Adaptive parameter identification of Bouc-wen hysteresis model for a vibration system using magnetorheological elastomer

The Bouc-wen hysteresis model has been widely used to design systems using magnetorheological (MR) materials. However, the model parameters cannot be perfectly determined due to the magnetic-field dependency and unmeasurable states. In this study, a novel adaptive parameter identification method is proposed for a model consisting of three components: an estimated model, a hysteresis observer, and adaptive algorithms. While the estimated model refers to the experimental data and adjusts the parameters directly to their actual values, the hysteresis observer is constructed to portray the unmeasurable hysteretic force that is based on the observer dynamic and misalignment. The proposed adaptive algorithms updated the parameters to actual values based on stability and adaptation theory. The Bouc-wen model, whose parameters were determined by the proposed method, captured the MR elastomer (MRE) characteristics well at different frequencies, amplitudes, and magnetic field strengths. The method was further studied to determine the parameters of a nonlinear vibration structure equipped with an MRE-based isolator. Asymptotic stability in response tracking and robustness in dynamic excitation were demonstrated using this theory. The method was characterized by fast convergence and simple calculations that facilitate the design of vibration control systems with uncertain parameters and hysteretic state.

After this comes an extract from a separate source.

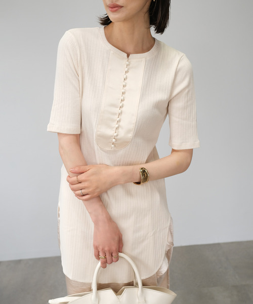 異素材ブザム切り替えがアクセントのおしゃれな1枚。 ランダムなリブ素材が表情豊かなトップス。タイトなシルエットながらも伸縮性があり着心地も抜群。5分袖デザインと前後差のある丈で自然と体型カバー◎。カジュアルすぎず女性らしい1枚。 グレイッシュベージュ=グレージュ ■コーディネートアイテム ワンピース…wz76x04979 パンツ…bf09x04924 パンツ…bf76x04605 ■商品仕様 リブ生地 裏地…なし 伸縮性…あり 透け…若干あり ポケット…なし 付属品…なし 着脱…プルオーバー ※ボタンの仕様は変更される場合がございます。 ※繊細な生地ですのでお洗濯などのお取り扱いには十分ご注意ください。詳しくはタグをご覧ください。 ※着用の際、摩擦や発汗により衣類やバッグ等に色移りの恐れ(特に淡色系のもの)がありますので、十分ご注意下さい。 【ご購入前に必ずご一読下さい】 ※モニタ環境によって、商品の色合いが多少異なる場合がございます。 ※色落ちの恐れがありますので、他のものと分けてお洗濯して下さい。 ※商品をお安く提供させて頂く為、検品後のアイロン掛けは省略させて頂いています。 発送時も簡易梱包の為、お受け取り時にたたみ皺があると思いますがご了承下さい。

A comparison between the simulation and experimental results proved the effectiveness of the proposed method.

Automated summary

The Bouc-wen hysteresis model is commonly used in designing systems with magnetorheological materials, but the model parameters are difficult to determine. A novel adaptive parameter identification method was proposed in this study, successfully determining the model parameters and demonstrating robust performance in capturing material characteristics and determining parameters for nonlinear vibration structures. This method provides fast convergence and simple calculations for designing vibration control systems with uncertain parameters and hysteretic state.